Between directing Scream 2 and Scream 3, Craven stepped out of his main genre completely with the drama Music of the Heart, which starred Meryl Streep in an Oscar-nominated performance as an inner-city music teacher. His straight-forward thriller Red Eye was one of the highlights of his 2000s output, as was his segment in the acclaimed French anthology film Paris je t'aime. His final two films, 2010's My Soul to Take and 2011's Scream 4 were less well-received, but he had several promising projects in development, such as a television adaptation of The People Under the Stairs with SyFy.

Wes Craven directing My Soul to Take
Wes Craven directing My Soul to Take (2010)

Craven was a life-long nature lover and served as a member of the Audubon California Board of Directors, a conservationist society committed to restoring and protecting natural ecosystems. He is survived by his third wife Iya Labunka, his sister, children, grandchildren and stepdaughter.

Wes Craven was of the greatest American horror directors of all time, tapping into the existential terror lurking under the surface of 1980s suburbia and time and again explored the blurry line between fantasy and reality. On the subject of the horror genre, Craven once said:

It's like boot camp for the psyche.
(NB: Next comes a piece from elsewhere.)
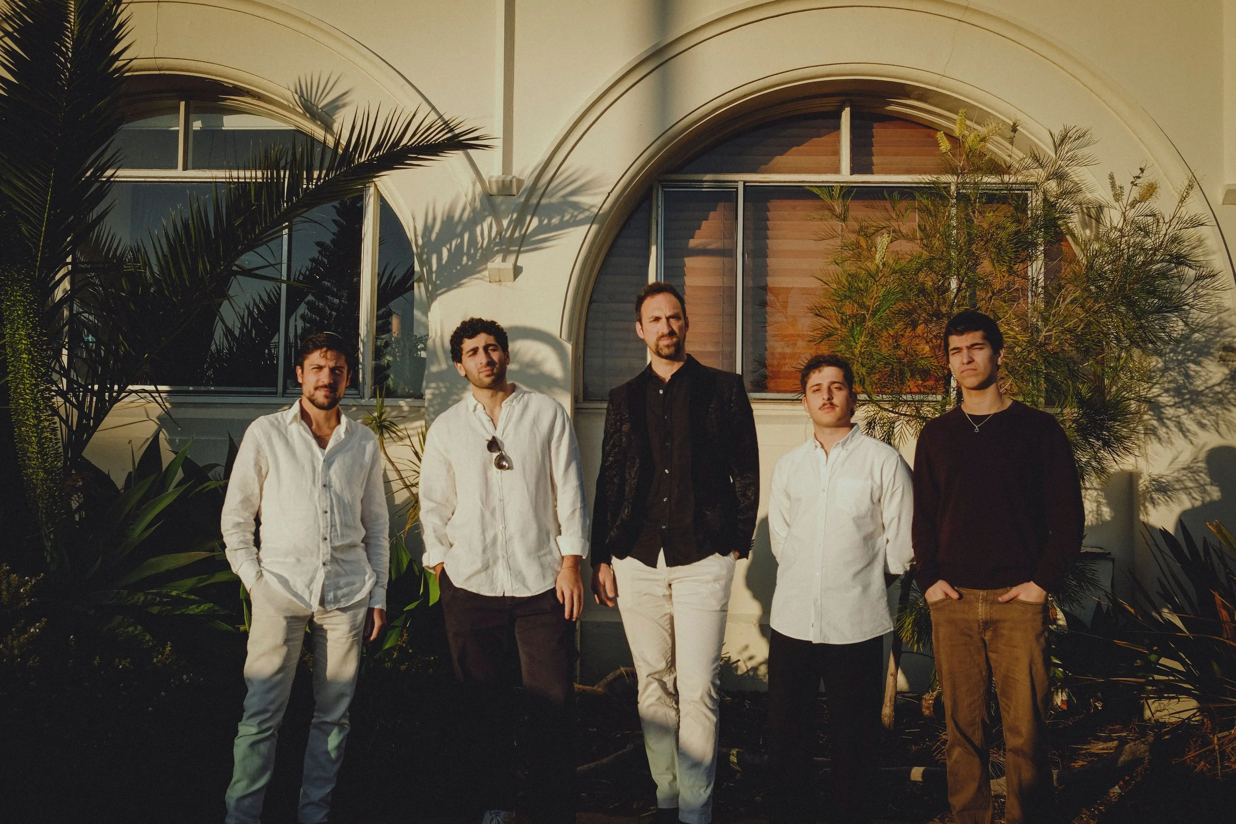 Five members of Balagan Band standing outdoors in front of large arched window and tropical plants, sunlight casting shadows
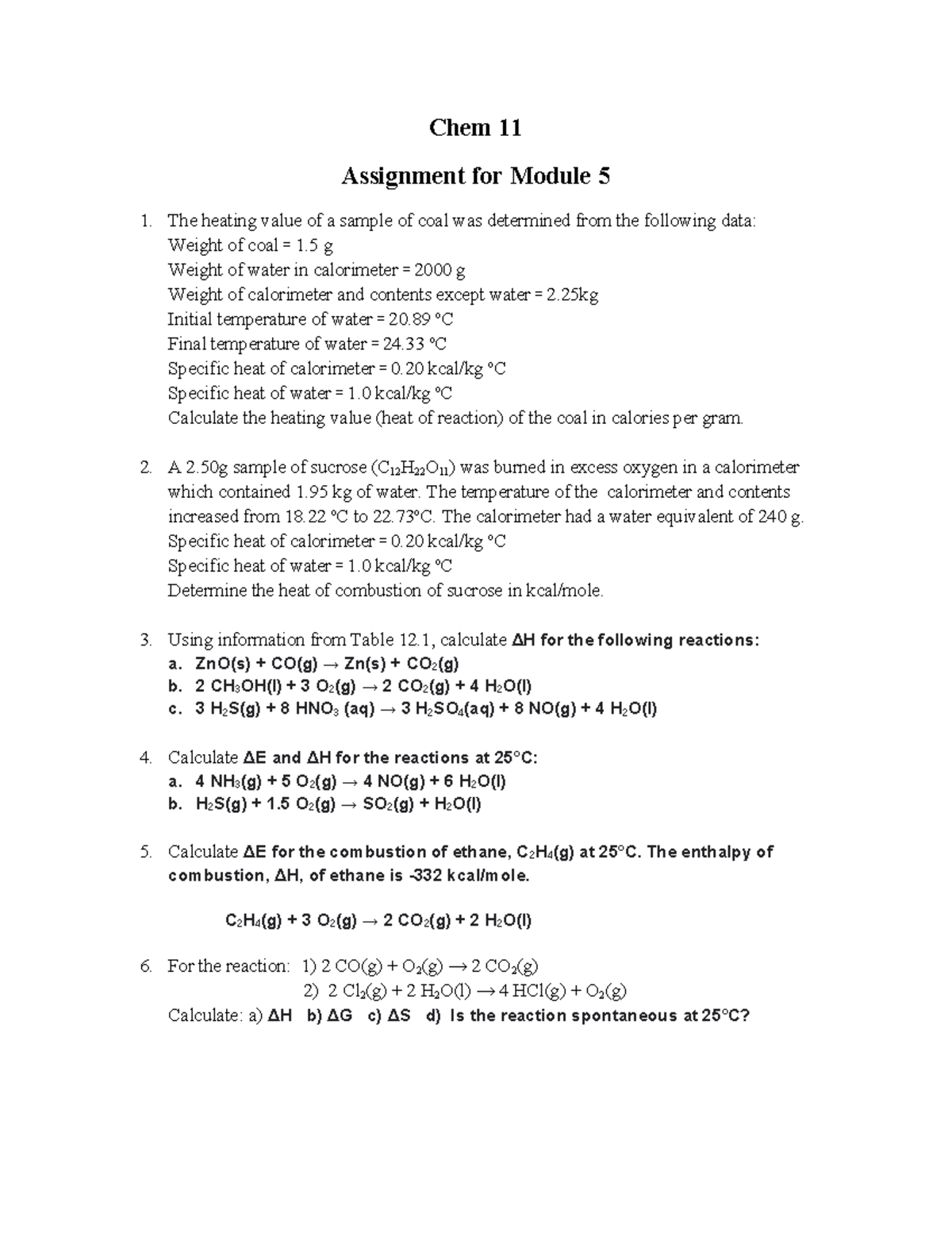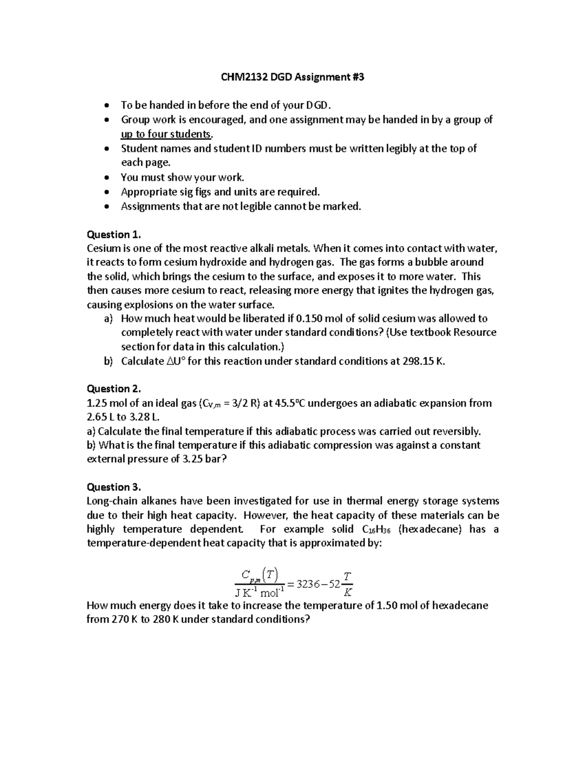 CHM2132 DGD Assignment 3: Heat Reactions & Gas Expansion - Studocu

In real life, human beings are packaged in the flimsiest of packages, threatened by real and sometimes horrifying dangers, events like Columbine. But the narrative form puts these fears into a manageable series of events. It gives us a way of thinking rationally about our fears.

All of us here at Screen Rant wish to express our deepest condolences to Wes Craven's family and friends for their loss. He gave generations of horror fans the best kind of nightmares.